> [Stored items from a collection]
════════════════

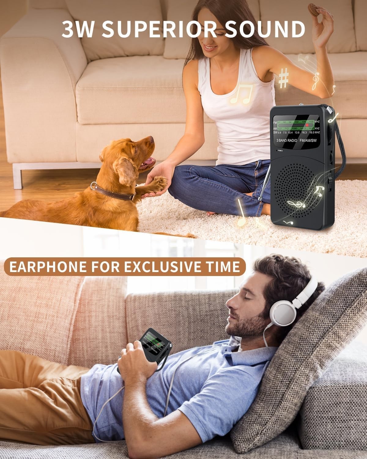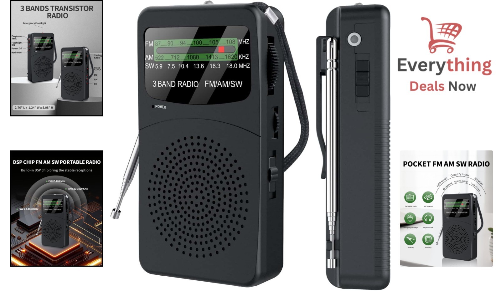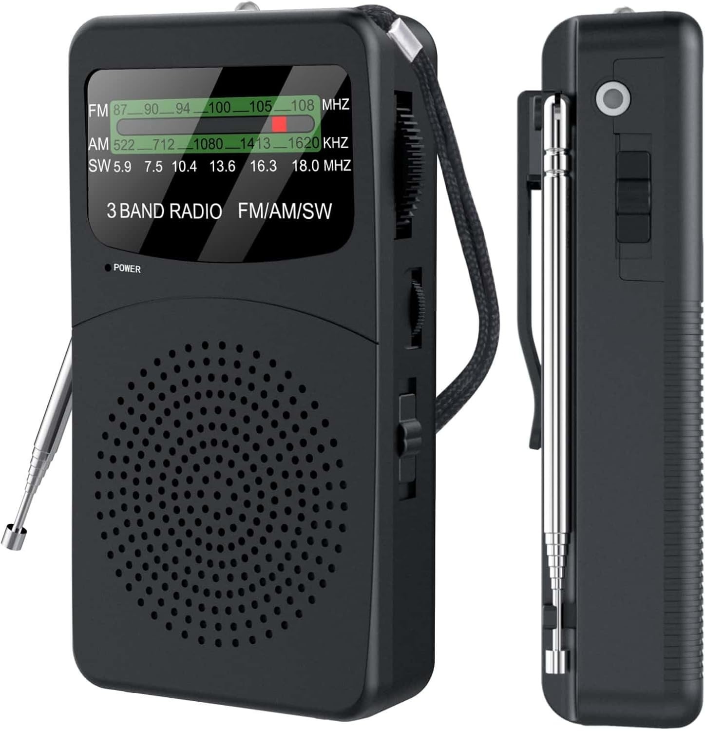 Portable AM FM SW Pocket Radio Battery Operated with Flashlight Headphone Jack
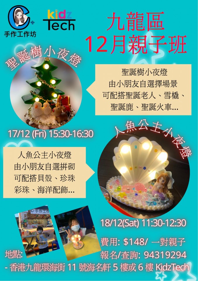 要大家久等啦!好多住九龍區嘅朋友都同我哋講,問我哋幾時會係九龍區開班做小夜燈🧜🏻‍♀️🎄終於有啦!😍12月特別係九龍區開設兩場小夜燈親子班
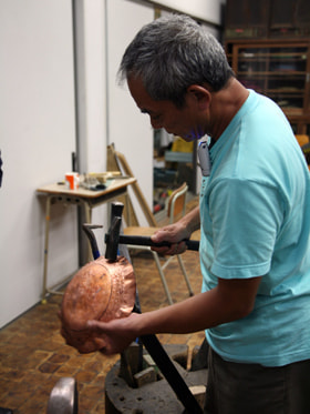 听筱原教授说,锻金技术分热加工和冷加工,前者是把铁烧红后进行锻造,后者是将退火后变软的铜板进行的冷加工挤榨技法。其他比较传统的还有着色法,就是用硫酸铜和铜绿的水溶液煮上颜色的煮色着色法,和把不同的金属板层积接合,一边削出纹样,一边敲打拉长的木纹金等技术。
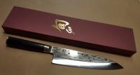 VG-10 super stainless steel; single beveled edge for less sticking and less damage for food; black Pakkawood handle; handle's "Chestnut" shape design with offset bolster fits the hand perfectly; stainless steel bolsters and caps. For right hand use.
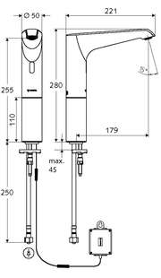 Sterowany czujnikiem podczerwieni. Zasilanie bateryjne. Przeznaczony do połączenia w sieć z systemem zarządzania wodą SCHELL SWS. Parametryzowana przez SCHELL Single Control SSC.
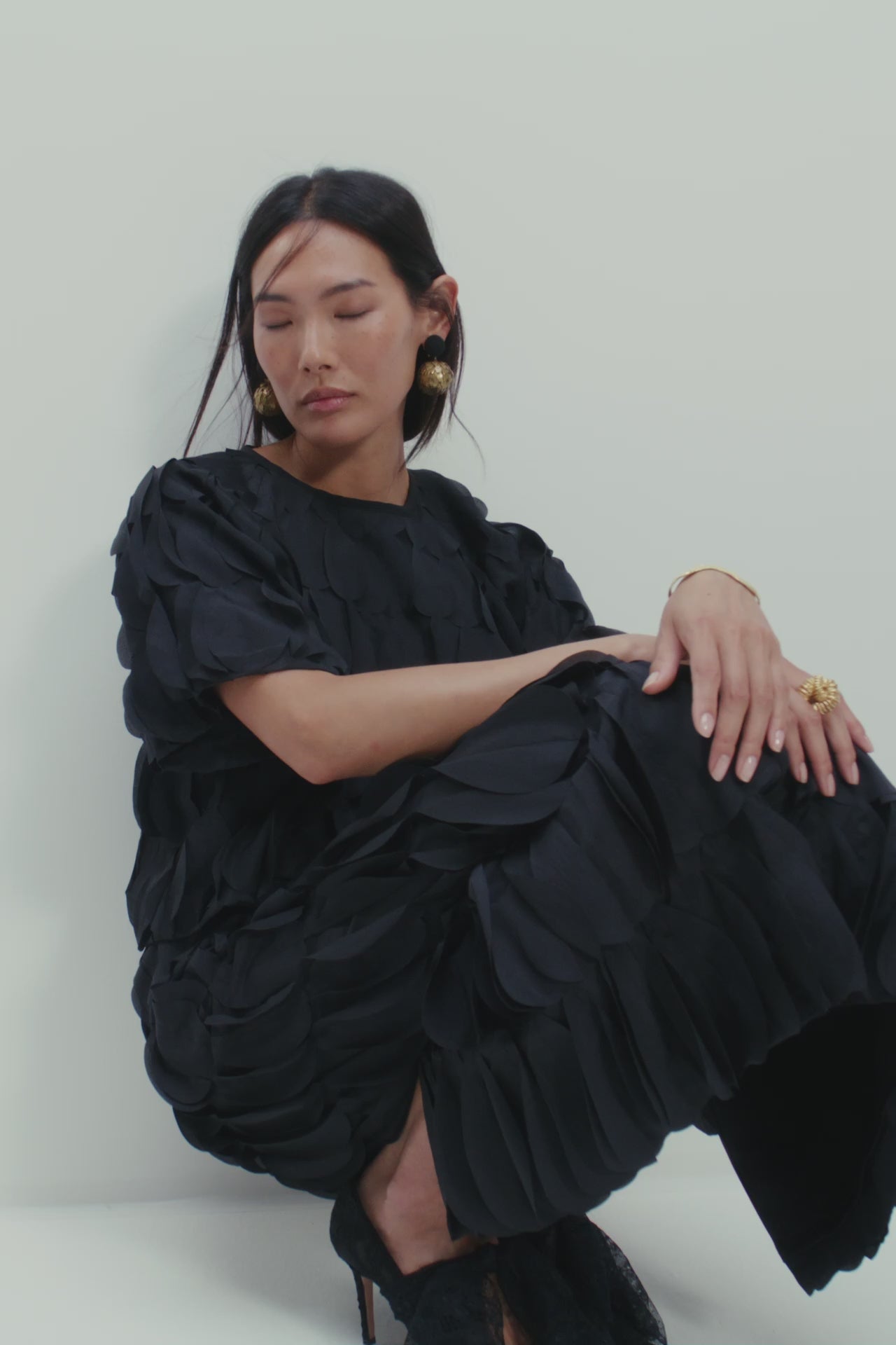 The Bowery Skirt brings texture, drama and movement to a timeless silhouette. Falling to a flattering midi length, it cascades with scalloped shaped crepe layers that flutter as you move. A grosgrain fixed waistband and a back slit feature. Wear with the coordinating top for a head-turning set, or let it be the focal point with a crisp shirt.
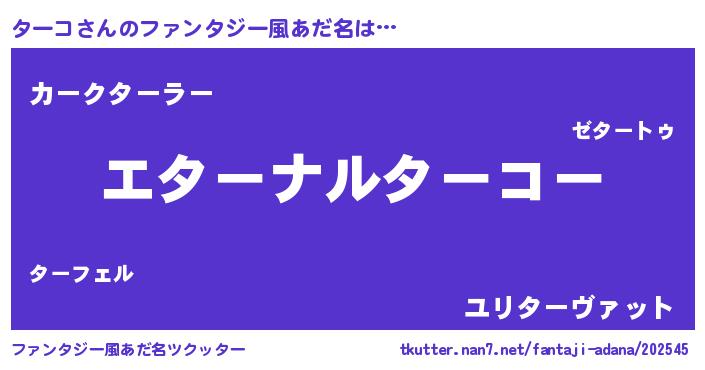 | 意味不明あだ名 | 『ターコフォーエバー』『自称ターコ』 |

════════════════

> [What you have to do] Start with the line above containing "听筱原教授说,锻金技术分热加" and end with the line containing "VG-10 super stainless". Set down that stretch exactly, without any pictures.

> [Output of the exercise]
 听筱原教授说,锻金技术分热加工和冷加工,前者是把铁烧红后进行锻造,后者是将退火后变软的铜板进行的冷加工挤榨技法。其他比较传统的还有着色法,就是用硫酸铜和铜绿的水溶液煮上颜色的煮色着色法,和把不同的金属板层积接合,一边削出纹样,一边敲打拉长的木纹金等技术。
 VG-10 super stainless steel; single beveled edge for less sticking and less damage for food; black Pakkawood handle; handle's "Chestnut" shape design with offset bolster fits the hand perfectly; stainless steel bolsters and caps. For right hand use.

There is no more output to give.